Entries taken from a collection:
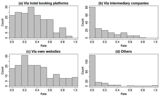 The results reveal that about 89.1% of hotel firms used at least one hotel-booking platform. Even if we consider that the respondents may have more interest in hotel-booking platforms than non-respondents, we believe that a large proportion of these hotel firms use such platforms. Specifically, Figure 1 shows the distribution of the use rate of each channel for capturing customers, including platforms by hotel firms. The results show that the mean value of the use rate via hotel-booking platform was about 33.8%; via travel agency, about 18.0%; via own website, about 39.6%; and via other channels, about 8.6%. Accordingly, the major channels for capturing customers of hotel firms in 2017 were hotel-booking platforms and own websites.
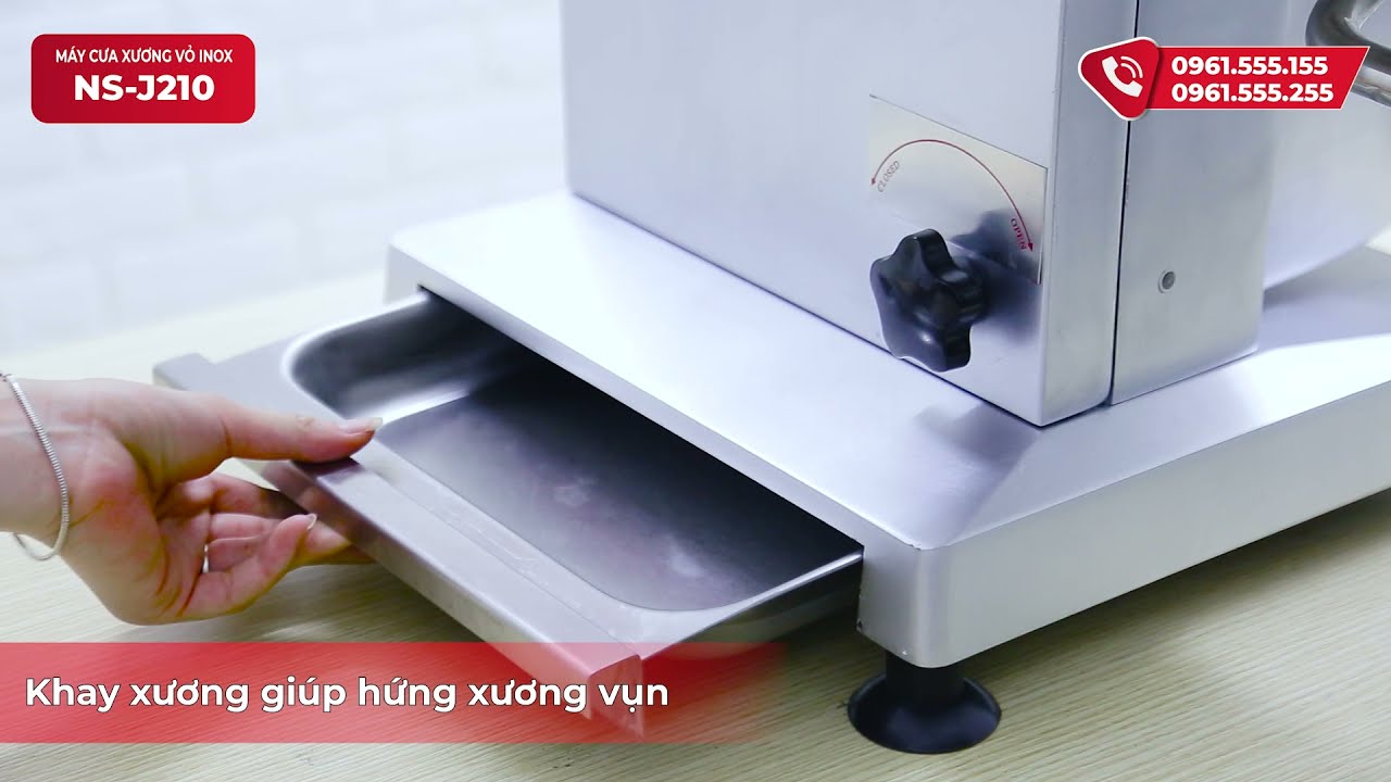 Bàn cắt được làm từ inox cao cấp dày và chắc chắn, chịu lực tốt nên có thể đặt khối lượng lớn nguyên liệu mà không bị cong hay biến dạng. Phía dưới máy còn có khay hứng vụn xương, giúp giữ vệ sinh và dễ dàng làm sạch sau khi sử dụng.
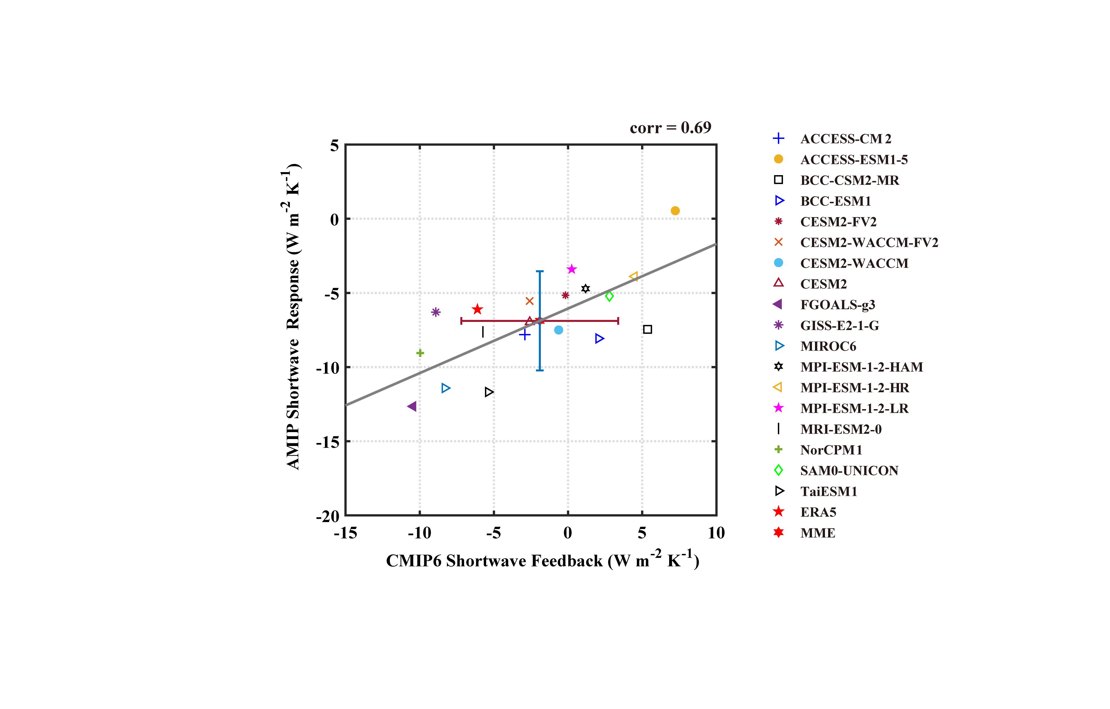 图2. CMIP6和AMIP中Niño3.4区短波辐射响应散点图。红色水平误差棒表示CMIP6模式间标准差,蓝色垂直误差棒则代表AMIP模式间标准差。
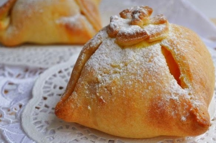 A négyzetek ellentétes oldalainak sarkait hajtsuk fel, csípjük össze. Az ilyentén keletkezett almás batyukat kenjük be felvert tojással. Tegyük be a sütőbe és süssük őket 30 percig.
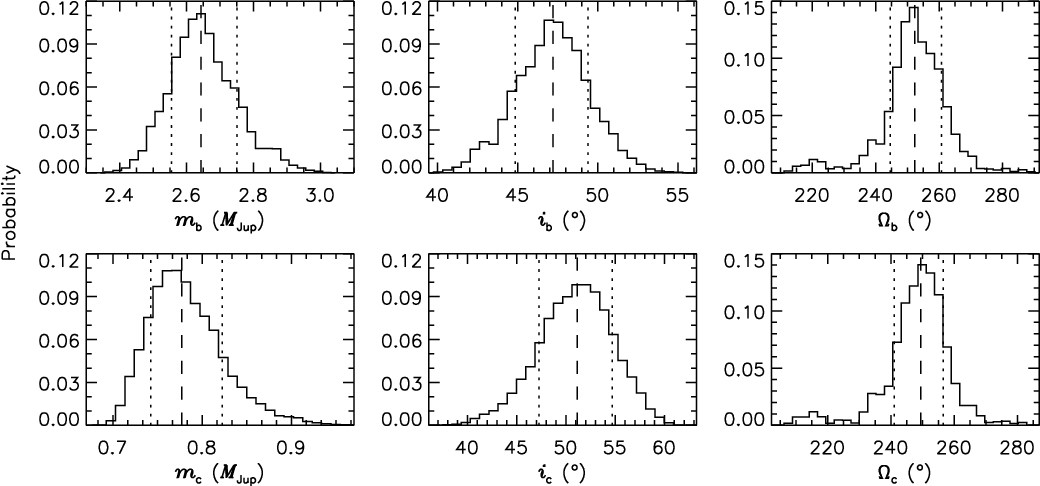 Figure 2: Probability distributions for the masses, inclinations, and longitudes of the ascending nodes for planets b and c from the MCMC analysis. The medians and two-sided 68.3% confidence limits are given by the dashed and dotted lines respectively. |

- _About this exercise_:
All the lines above are to be reproduced exactly, except the pictures.

- _Task answer_:
 The results reveal that about 89.1% of hotel firms used at least one hotel-booking platform. Even if we consider that the respondents may have more interest in hotel-booking platforms than non-respondents, we believe that a large proportion of these hotel firms use such platforms. Specifically, Figure 1 shows the distribution of the use rate of each channel for capturing customers, including platforms by hotel firms. The results show that the mean value of the use rate via hotel-booking platform was about 33.8%; via travel agency, about 18.0%; via own website, about 39.6%; and via other channels, about 8.6%. Accordingly, the major channels for capturing customers of hotel firms in 2017 were hotel-booking platforms and own websites.
 Bàn cắt được làm từ inox cao cấp dày và chắc chắn, chịu lực tốt nên có thể đặt khối lượng lớn nguyên liệu mà không bị cong hay biến dạng. Phía dưới máy còn có khay hứng vụn xương, giúp giữ vệ sinh và dễ dàng làm sạch sau khi sử dụng.
 图2. CMIP6和AMIP中Niño3.4区短波辐射响应散点图。红色水平误差棒表示CMIP6模式间标准差,蓝色垂直误差棒则代表AMIP模式间标准差。
 A négyzetek ellentétes oldalainak sarkait hajtsuk fel, csípjük össze. Az ilyentén keletkezett almás batyukat kenjük be felvert tojással. Tegyük be a sütőbe és süssük őket 30 percig.
 Figure 2: Probability distributions for the masses, inclinations, and longitudes of the ascending nodes for planets b and c from the MCMC analysis. The medians and two-sided 68.3% confidence limits are given by the dashed and dotted lines respectively. |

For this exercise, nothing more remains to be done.